An international registry of critically ill COVID-19 patients found acute stroke was infrequent, occurring in 2.2% of patients. Hemorrhagic, but not ischemic, stroke, was associated with significantly increased mortality.

COVID-19 has been implicated in neurological complications and associated with increased morbidity and mortality. Cerebrovascular complications are particularly concerning, with a frequency from 1-6% reported in SARS-CoV-2 positive patients. However, reports have generally been restricted to small patient populations and not specifically focused on the most critically ill patients requiring intensive care unit (ICU) care.

“Stroke has been a known serious complication of COVID-19, with some studies reporting a higher-than-expected occurrence, especially in young people. However, among the sickest of patients, those admitted to an ICU, our research found that stroke was not a common complication and that a stroke from a blood clot did not increase the risk of death,” said Jonathon Fanning, MBBS, PhD, of the University of Queensland in Brisbane, Australia.

The COVID-19 Critical Care Consortium, a global alliance of clinicians and scientists committed to using groundbreaking technology to identify the most effective treatments for the most critically ill patients in the COVID-19 pandemic, set out to determine the frequency, types, and outcomes of stroke occurring as a complication of COVID-19 requiring ICU admission. A prospective registry of COVID-19 patients admitted to ICUs in more than 370 international sites in 52 countries between January 1 and December 21, 2020, identified 2,699 adults, median age 53 years, with clinically suspected or laboratory confirmed active COVID-19 infection.
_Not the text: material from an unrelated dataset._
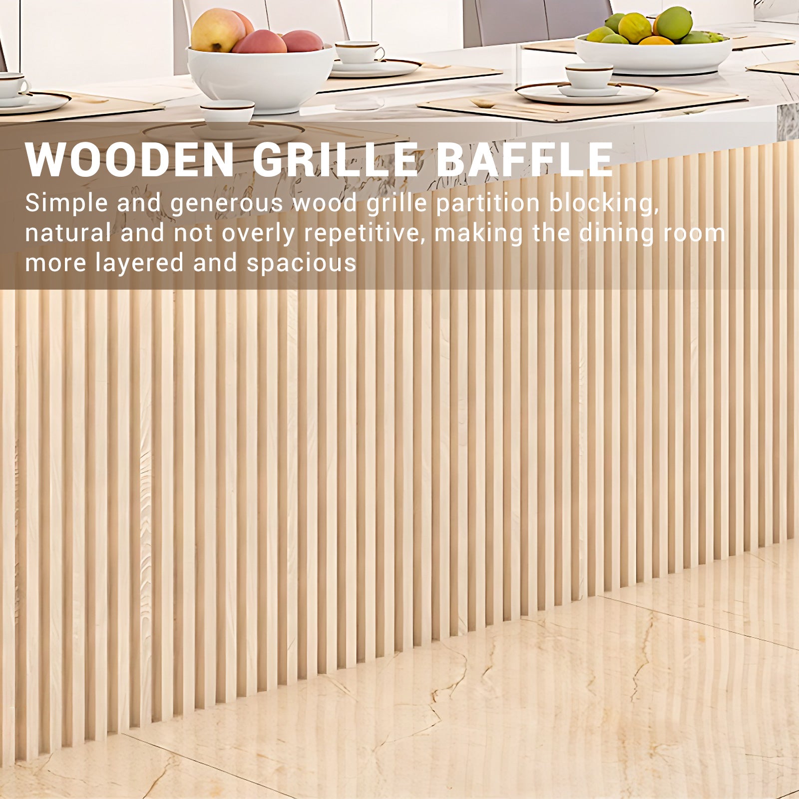 Unique Aesthetic Appeal: The brown striped panels complement the patterned island and dining table, creating a modern and charming visual effect. Mood lighting adds an extra layer of ambiance, turning your space into a warm and inviting haven

Some 59 patients (2.2%) experienced acute stroke during their ICU stay: 19 patients (32%) ischemic, 27 patients (46%) hemorrhagic, and 13 patients (22%) unspecified. Two-thirds of the patients were men.

A survival model using parametric Weibull regression demonstrated that the probability of having a stroke in the ICU was small, but gradually increased over time. Hemorrhagic stroke greatly increased the cumulative hazard of death (HR = 2.7; 95% Cl: 1.4, 5.3), while ischemic stroke did not (HR = 1.0; 95% Cl: 0.5, 2.4).

Despite a high mortality (72%) in hemorrhagic stroke patients, stroke was the primary cause of death in only 15% of patients, with multi-organ failure the leading cause of death.

“For people with COVID-19 in intensive care, our large study found that stroke was not common, and it was infrequently the cause of death,” said Fanning. “Still, COVID-19 is a new disease and mutations have resulted in new variants, so it’s important to continue to study stroke in people with the disease. More importantly, while the proportion of those with a stroke may not be as high as we initially thought, the severity of the pandemic means the overall absolute number of patients around the world who will suffer a stroke and the ongoing implications of that for years to come, could create a major public health crisis.”

The study has several limitations. It was primarily retrospective, routine stroke surveillance globally is heterogeneous, and unspecified strokes limited the analysis of each subtype, said Fanning.

Link to abstract: Stroke complicating critically ill patients with SARS-CoV-2: Analysis of the COVID-19 Critical Care Consortium (CCCC) international, multicenter observational study

Jonathon Fanning, BSc, MBBS, PhD has nothing to disclose.